But now, suddenly at Pentecost, all the various people understand one another. Their language is no more confused. They hear as one company the mighty acts of God. And it is the gift of the Holy Spirit that makes that understanding possible.
Is that not the story of the Christian mission -- that wherever the Gospel is told in the love and power of the Spirit, controversies are healed, barriers of race and gender and nationality are overcome, and persons are enabled to live in harmony and peace with one another? Certainly that Spirit has healed many broken marriages and united many disrupted communities and enabled black and white and red and yellow to be bound together in "one great fellowship of love" in the church "throughout the whole wide earth." The Holy Spirit is a power to heal all of our broken relationships.
Third, in his sermon explaining what is happening to the gathered company at Pentecost, Peter quotes in verses 17-21 the words of the prophet Joel (Joel 2:28-32). Back in the fifth century B.C., Joel had declared what would happen "in the last days," that is, at the time when God would come to put down his enemies and to usher in his kingdom over all the earth. Shortly before that time, Joel proclaimed, there would be a mighty outpouring of the Spirit "on all flesh," so that all ranks of persons would be able to speak the Word of God, as the prophets of old had spoken it. That was what was happening there in that room at Pentecost, Peter explained. The Spirit was being given to all.

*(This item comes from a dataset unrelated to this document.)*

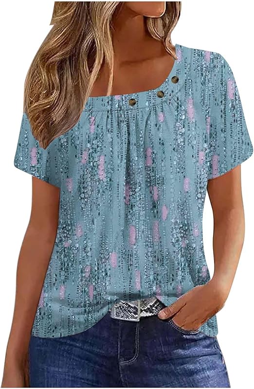 Womens Summer Tops Dressy Trendy Boho Floral Print Short Sleeve T Shirts Casual Loose Fit Basic Tunic Blouses Tees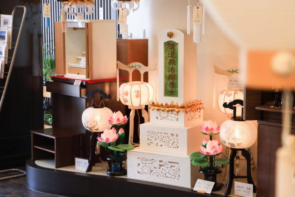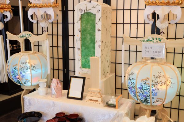 本社事務所併設の仏事サロン 明日ノ空にて、盆提灯や灯籠など初盆・お盆用品の展示販売がはじまりました。

In short, a new age was beginning. The coming of the Kingdom of God was being prepared. Jesus Christ had embodied in his person the powers of that kingdom (cf. Mark 1:15; Luke 11:20), and now by the gift of his Spirit to the disciples, that power was spreading through all the world. God was beginning to usher in his final rule over all the earth. His final coming would be ushered in by "wonders in the heaven above and signs on the earth beneath" (v. 19), but before that time, the Gospel was to be preached, so that all who believed and called on the name of the Lord would be saved, in the final judgment, for eternal life in the Kingdom of God (v. 21).
Can you believe that -- that there is now the power of the Kingdom of God let loose in this world by his Spirit, that you and I stand at the beginning of the new age of the kingdom, and that by our words and living we can spread a Gospel that can bring eternal life to every person on earth? That's our situation, good Christians. God's kingdom is coming on earth, even as it is in heaven. You and I have been granted his Holy Spirit to empower us to spread the Word. And our mission, given us by the Spirit, can mean eternal life or death to everyone who observes our living or who hears our words from God. Pentecost has been called the birthday of the church. But it is not like every other birthday party. It is our call to be the witnesses of God's new age, that all persons whom he loves, and whom we are to love, may become participants in his everlasting kingdom.
Another sense might be added to this. The harvest festival of Pentecost became also a day for the Jewish people to celebrate God's gift of the law to Moses on Sinai, in effect a day for observing the covenant. Some Lukan scholars think that Luke means to present the gift of the Spirit at Pentecost as the institution of the new covenant. The law was the gift of God; the Spirit is an even greater gift, fulfilling the intention of the former. The only problem with this interpretation is that we cannot be certain Pentecost was being observed as a Sinai festival at the time Acts was written.
Acts 2:1-21
This rather long lesson (some churches shorten it to vv. 1-11) presents one of the most dramatic and best-known narratives in the book of Acts, the account that gives rise to Christian observation of Pentecost. It is magnificently told. The details of the rushing wind and the "tongues of fire" capture the imagination every bit as much as the miracle of glossolalia. The sneering interpretation that the disciples are "filled with new wine" and the ironic defense that it is only nine o' clock in the morning offer a touch of humor. The long list of hard-to-pronounce place names (vv. 8-11) -- a bane of lectors everywhere -- emphasizes the early church's cultural diversity in a way that must have seemed exotic and appealing.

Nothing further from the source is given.